と、言うことで俺は今、ローブを羽織り、いくつもあるポケットに大量の道具を入れたまま謁見の間へと呼ばれていた。
今すぐにでも戦える格好で王様の前に出るなんて初めてだ。
グラン王国でももちろんそんなことは無かった。まあ、向こうでは手枷をされるぐらいだったし。
謁見の間に入るとそこには、国王様、アリシア、ディアン、ミラの四人が居た。
ゼフさんの姿は無かった。
ついでに言うと、俺たちがここで戦った痕跡もきれいさっぱり無くなっていた。
「すまないなヴァン。ここまで来てもらって。それに報告するのもずいぶん遅くなってしまったな」
「いえ。みなさんお忙しそうだったので。

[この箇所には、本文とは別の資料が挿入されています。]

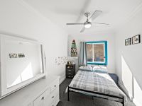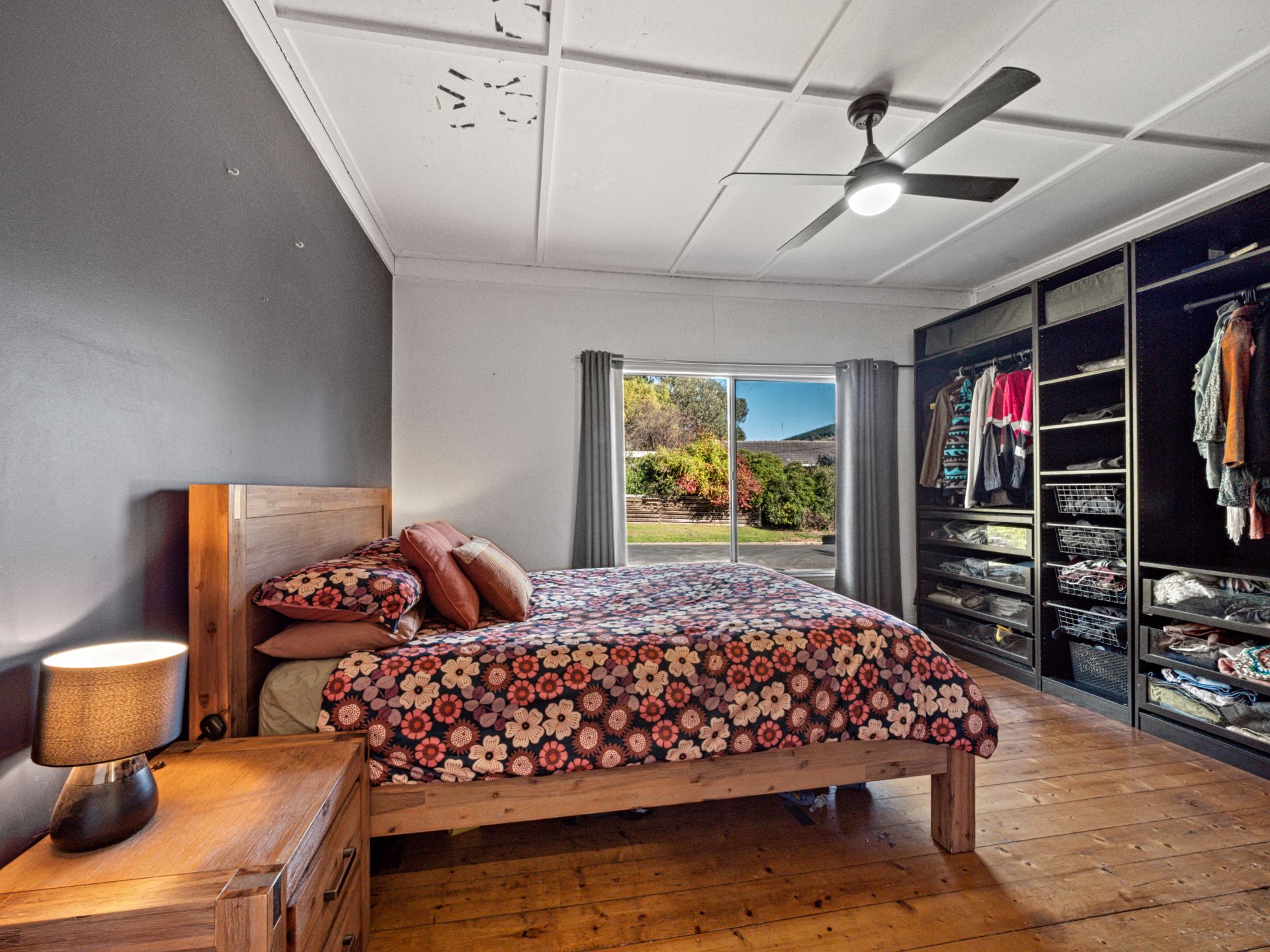 - Master bedroom with open wardrobes, ceiling fan & original timber floors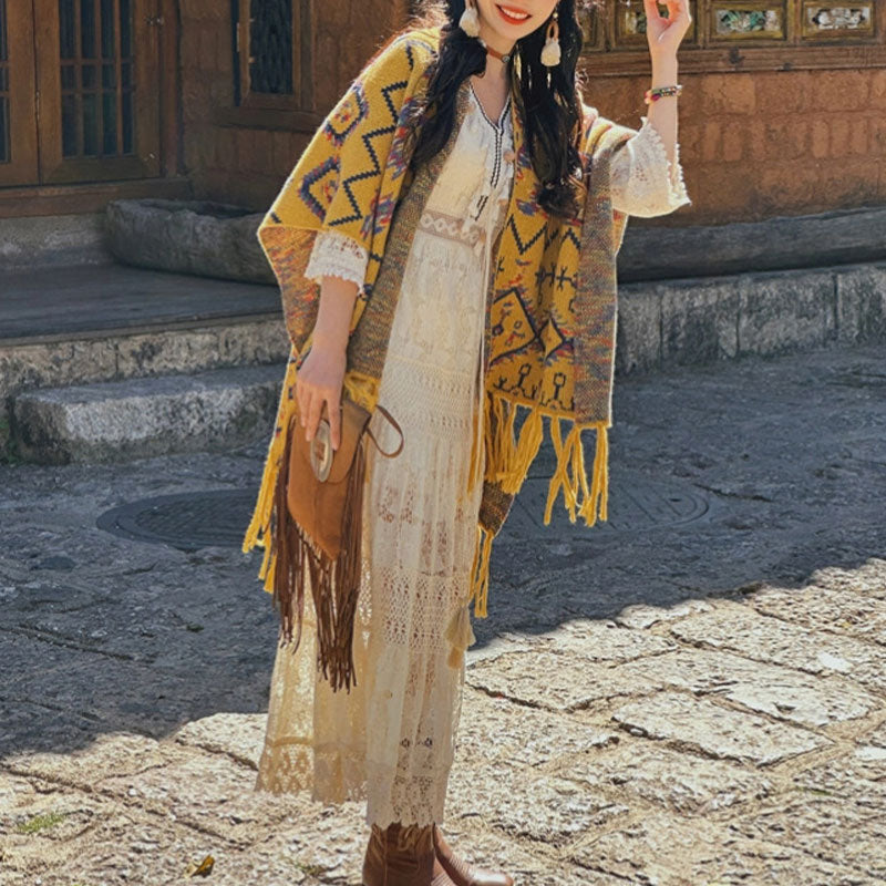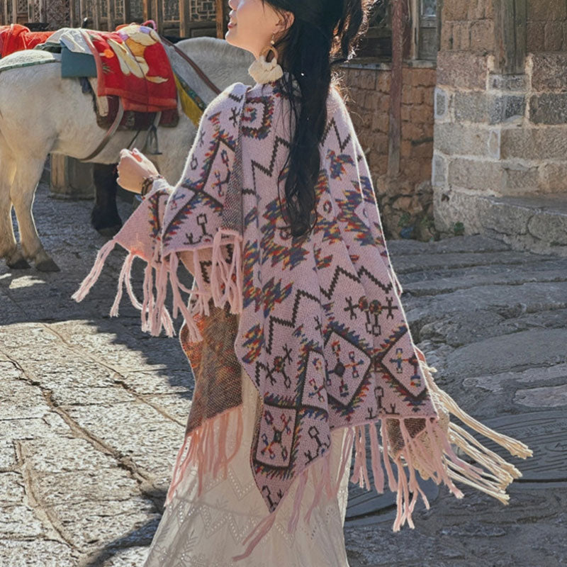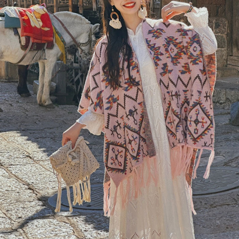 Szal Buddha Stones Tibetan Shawl Striped Wrap łączy wygodę z duchową symboliką. Idealny na zimowe podróże, ten przytulny, dzianinowy szalik ma geometryczny wzór w paski, symbolizujący stabilność i przejrzystość . To idealny dodatek dla tych, którzy szukają zarówno fizycznego ciepła , jak i odrobiny duchowego wglądu podczas podróży.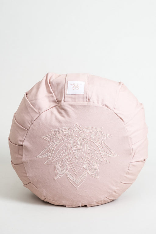 Altrosafarbenes Meditationskissen mit Lotusblume – weich und stilvoll. Für achtsame Momente mit Stil. // Der Bezug der Kissen mit der praktischen T...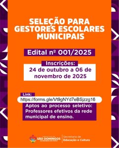 INSCRIÇÕES ABERTAS PARA O GARANTIA-SAFRA 2025/2026 29 de outubro de 2025 Leia mais » SÃO DOMINGOS CELEBRA O SUCESSO DA EXPO 2025 — FEIRA DA AGRICULTURA FAMILIAR E EXPOSIÇÃO AGROPECUÁRIA 29 de outubro de 2025 Leia mais » PREFEITURA DE SÃO DOMINGOS ORIENTA MORADORES A ATUALIZAREM O CADASTRO DE IMÓVEIS 29 de outubro de 2025 Leia mais » SELEÇÃO PARA GESTORES ESCOLARES MUNICIPAIS 29 de outubro de 2025 Leia mais » « Anterior Proximo » Diário Oficial Portal da Transparência Portal do Contribuinte Portal do Servidor Nota Fiscal Eletrônica Ouvidoria Municipal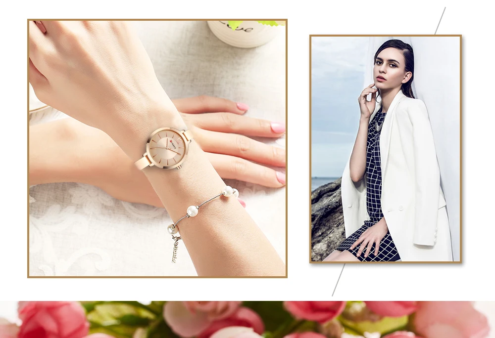 Часы женские кварцевые под платье под розовое золото, водонепроница...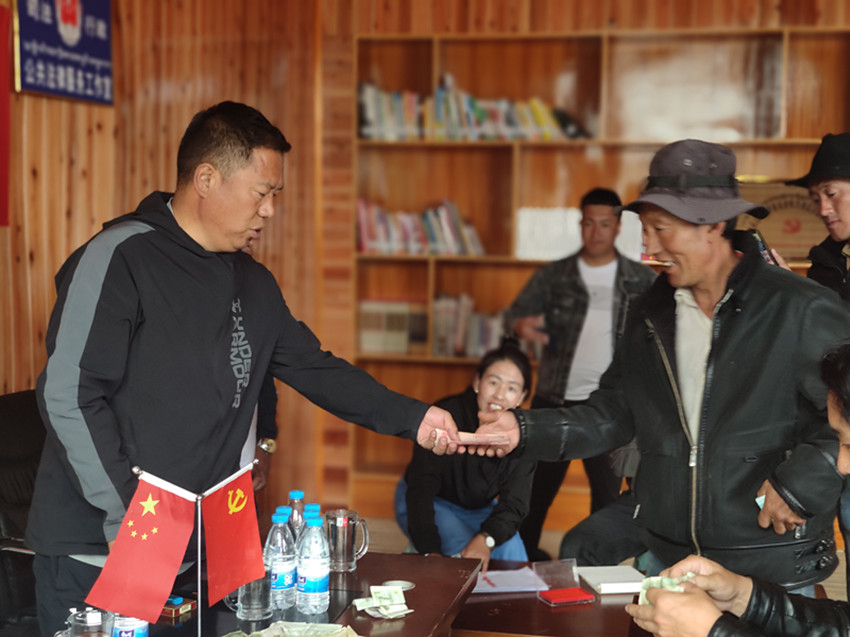 “振業(yè)振興新征程 旺達(dá)村分紅大會(huì)”的橫幅在村活動(dòng)中心會(huì)議室內(nèi)鮮艷顯眼,村民們興高采烈,早早地等候在這里領(lǐng)取分紅金?!敖衲炅鬓D(zhuǎn)費(fèi)總計(jì)130000元,每戶可分紅5200元?!狈旨t儀式上,上木拉黨委書(shū)記格絨次乃向村民們介紹了旺達(dá)村房屋流轉(zhuǎn)、荒地收益情況和民宿產(chǎn)業(yè)下一步規(guī)劃。在場(chǎng)村民臉上無(wú)不洋溢著幸福的笑容,高興地鼓起了掌。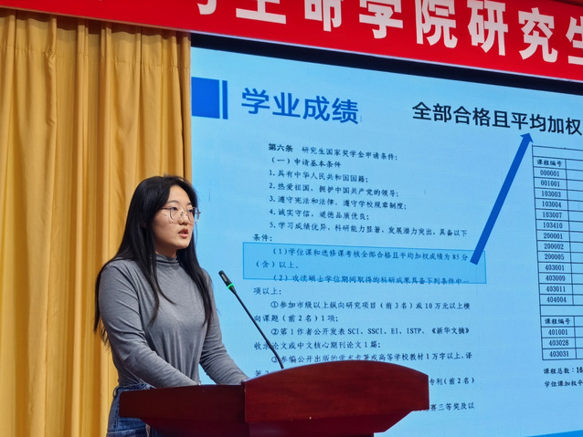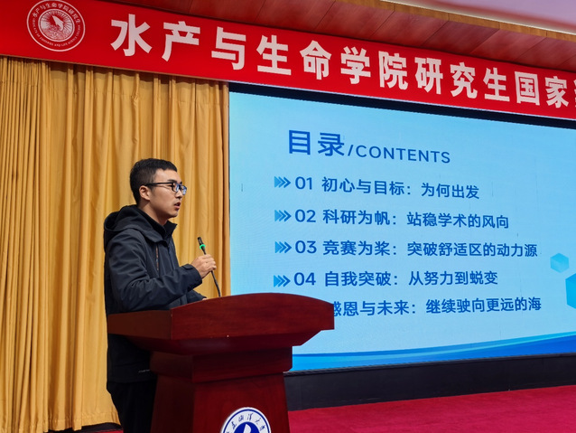 为充分发挥大马彩票(中国)官方网站 研究生国家奖学金获得者的榜样示范作用,搭建优良学风建设交流平台,帮助同学们明确学习目标、掌握科学方法。11月11日上午,大马彩票(中国)官方网站 于图书馆报告厅举办研究生国家奖学金经验分享会,会议邀请到三名国家奖学金获得者作为分享嘉宾进行分享。本次活动由2024级水产专业研究生邓雅杰主持,学院全体研究生辅导员、教学秘书以及学院低年级研究生共同参与。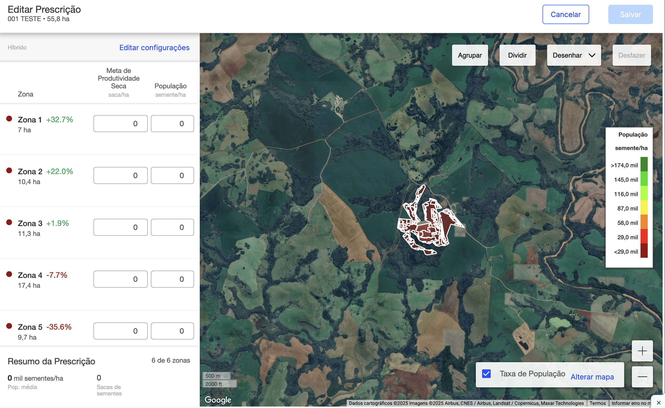 Passo 10: Ao lado esquerdo, insira a Meta de Produtividade Seca, que refere-se a meta de produtividade que você deseja alcançar naquela zona, e a População, que deve ser preenchido com a quantidade de sementes que o você deseja plantar naquela determinada zona.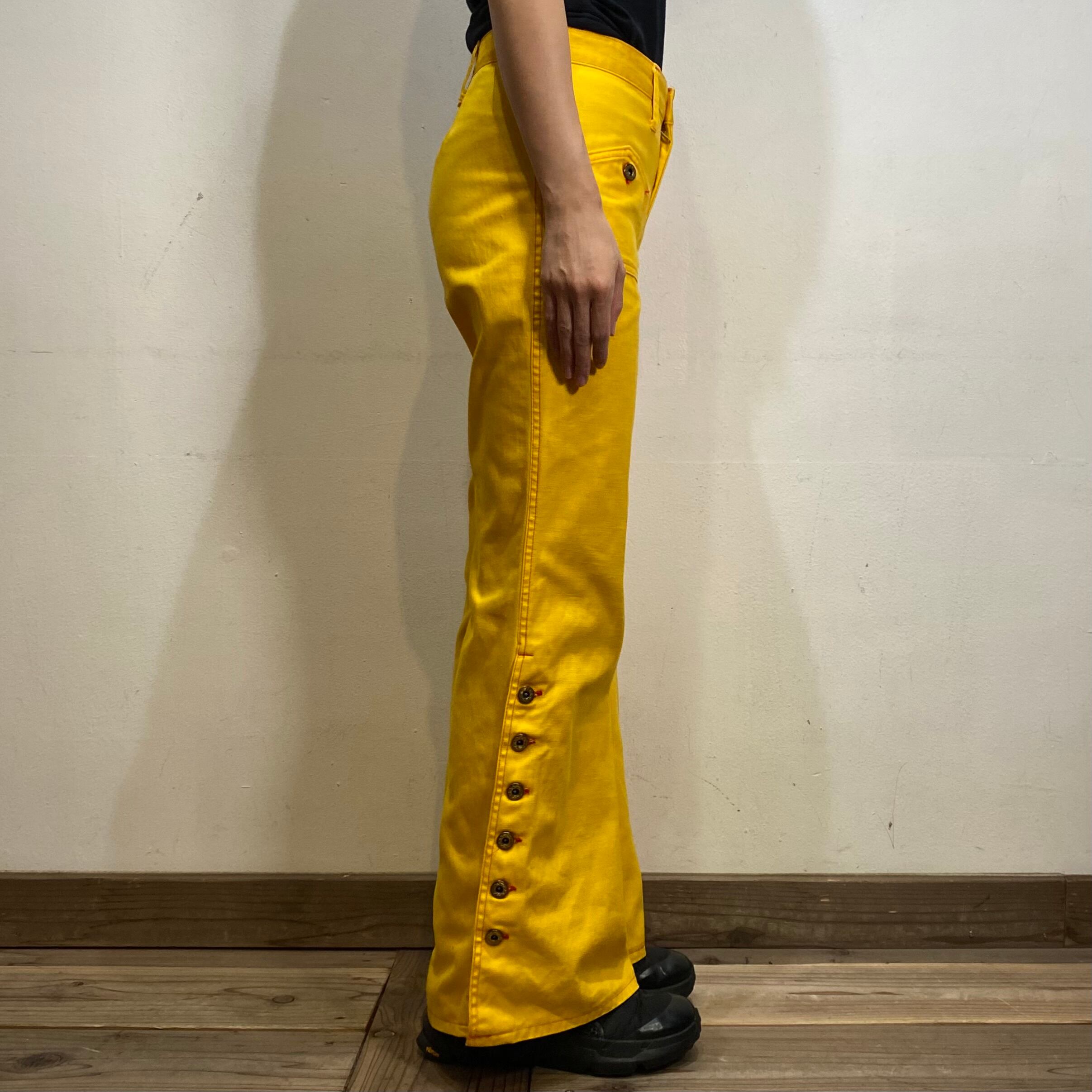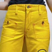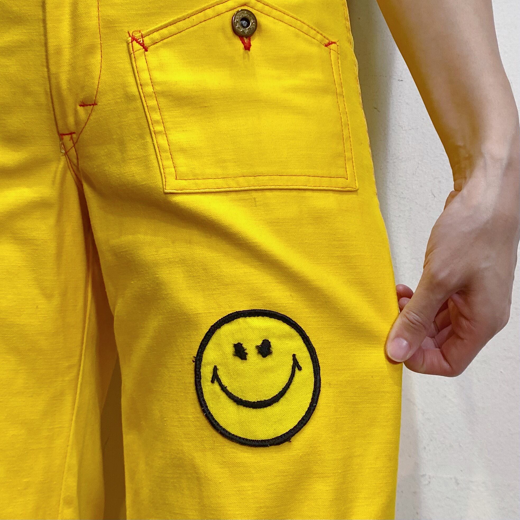 ハッピーなイエローカラーにスマイルのワッペンが可愛い、70年代のパンツです。

俺は構いませんよ」
ゼフさんが居なくなった後の対処は大変だっただろう。
ゼフさんはこの国に取り入るためにちゃんと仕事はしていたと言っていたけど、それをそのまま鵜呑みにするわけにもいかないようで、ミラさんもディアンも暇さえあれば書類とにらめっこをしていたし、アリシアもそれを手伝っていた。
俺は、そもそも何が正しいのかもわからなかったから書類を見るのはやらずに、ガルマとの戦闘でめちゃくちゃにしてしまった王宮の裏手にある森の手入れにいそしんでいた。
ディアンとミラさんですら忙しそうにしていたのだから、国王様はもっと忙しかったのだろう。実際ここ数日一度も姿を見ていなかった。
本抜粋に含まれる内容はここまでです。